Ah, I see. For nlp models, we need to register those differently.
I tried doing basic optimizations for those nlp models locally, but it still has the problematic if statement, so it's likely unable to fold it when dynamic dims are present.
Add a PR to do those two static dim models as basic_opt tests for now.
Add a PR to do those two static dim models as basic_opt tests for now.

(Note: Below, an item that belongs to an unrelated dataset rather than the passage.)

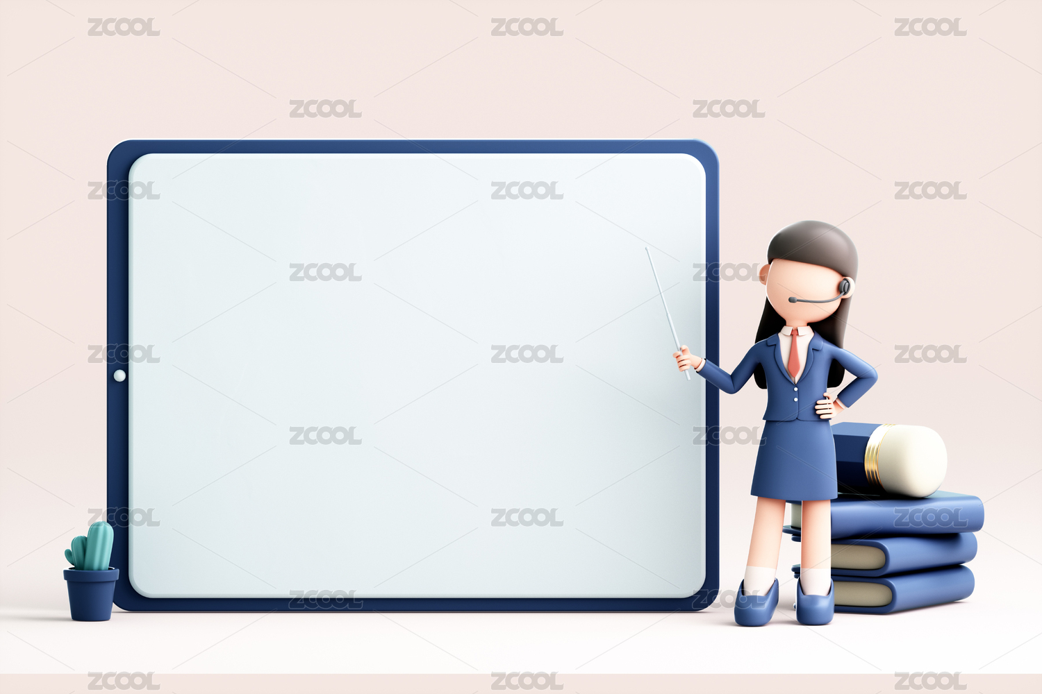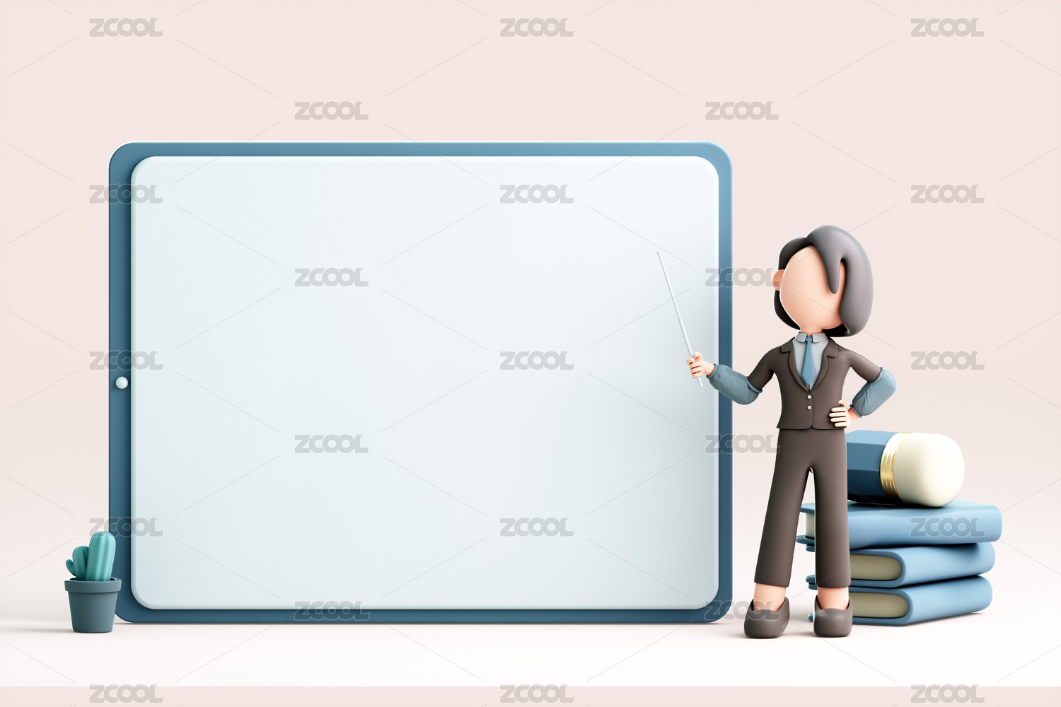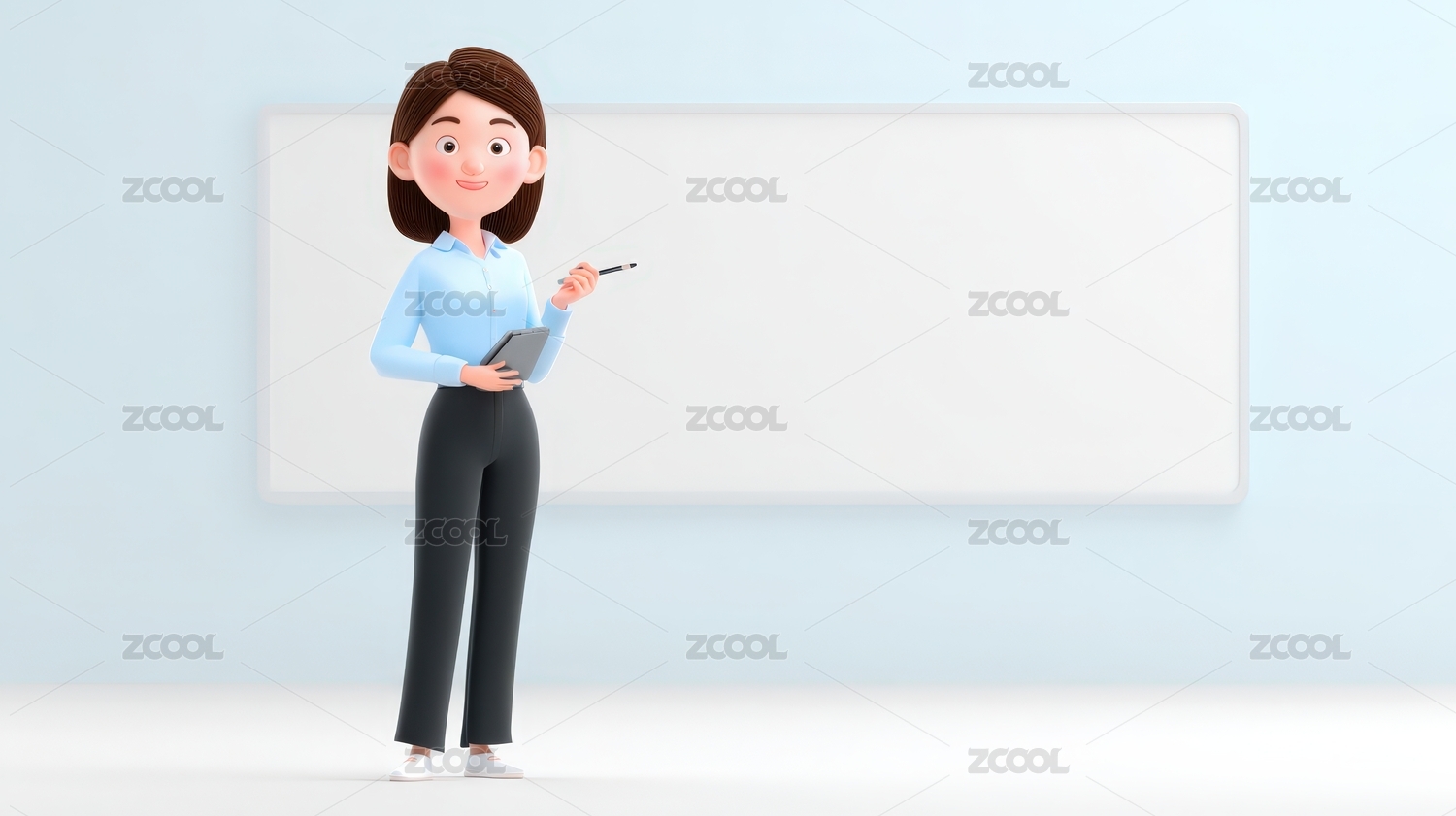 三维建模站在白板前的卡通女性

4 related model--splinter-large-few-shot-k-16-finetuned-squad-seed-0--anas-awadalla, similar failed pattern:
!torch.vtensor<[?,?],f32> / !torch.vtensor<[?,?,?],f32> -> !torch.vtensor<[],f32>
%1900 = torch.operator "onnx.If"(%1899) : (!torch.vtensor<[1],i1>) -> !torch.vtensor<[],f32> {
%1946 = torch.operator "onnx.Identity"(%1896) : (!torch.vtensor<[?,?,?],f32>) -> !torch.vtensor<[?,?,?],f32>
torch.operator_terminator %1946 : !torch.vtensor<[?,?,?],f32>
}, {
%1946 = torch.operator "onnx.Constant"() {torch.onnx.value = dense<1> : tensor<1xsi64>} : () -> !torch.vtensor<[1],si64>
%1947 = torch.operator "onnx.Squeeze"(%1896, %1946) : (!torch.vtensor<[?,?,?],f32>, !torch.vtensor<[1],si64>) -> !torch.vtensor<[?,?],f32>
torch.operator_terminator %1947 : !torch.vtensor<[?,?],f32>
}
->
/proj/gdba/shark/chi/src/SHARK-TestSuite/alt_e2eshark/test-run/model--splinter-large-few-shot-k-16-finetuned-squad-seed-0--anas-awadalla/model.torch_onnx.mlir:1904:13: error: 'torch.prim.If' op along control flow edge from Region #0 to parent results: source type #0 '!torch.vtensor<[?,?],f32>' should match input type #0 '!torch.vtensor<[],f32>'
%1900 = torch.operator "onnx.If"(%1899) : (!torch.vtensor<[1],i1>) -> !torch.vtensor<[],f32> {
^
/proj/gdba/shark/chi/src/SHARK-TestSuite/alt_e2eshark/test-run/model--splinter-large-few-shot-k-16-finetuned-squad-seed-0--anas-awadalla/model.torch_onnx.mlir:1904:13: note: see current operation:
%7620 = "torch.prim.If"(%7619) ({
%7737 = "torch.vtensor.literal"() <{value = dense<1> : tensor<1xsi64>}> : () -> !torch.vtensor<[1],si64>
%7738 = "torch.constant.int"() <{value = 0 : i64}> : () -> !torch.int
%7739 = "torch.constant.int"() <{value = 0 : i64}> : () -> !torch.int
%7740 = "torch.aten.select.int"(%7737, %7738, %7739) : (!torch.vtensor<[1],si64>, !torch.int, !torch.int) -> !torch.vtensor<[1],si64>
%7741 = "torch.aten.item"(%7740) : (!torch.vtensor<[1],si64>) -> !torch.int
%7742 = "torch.prim.ListConstruct"(%7741) : (!torch.int) -> !torch.list<int>
%7743 = "torch.prims.squeeze"(%7604, %7742) : (!torch.vtensor<[?,?,?],f32>, !torch.list<int>) -> !torch.vtensor<[?,?],f32>
"torch.prim.If.yield"(%7743) : (!torch.vtensor<[?,?],f32>) -> ()
}, {
%7735 = "torch.constant.none"() : () -> !torch.none
%7736 = "torch.aten.clone"(%7604, %7735) : (!torch.vtensor<[?,?,?],f32>, !torch.none) -> !torch.vtensor<[?,?,?],f32>
"torch.prim.If.yield"(%7736) : (!torch.vtensor<[?,?,?],f32>) -> ()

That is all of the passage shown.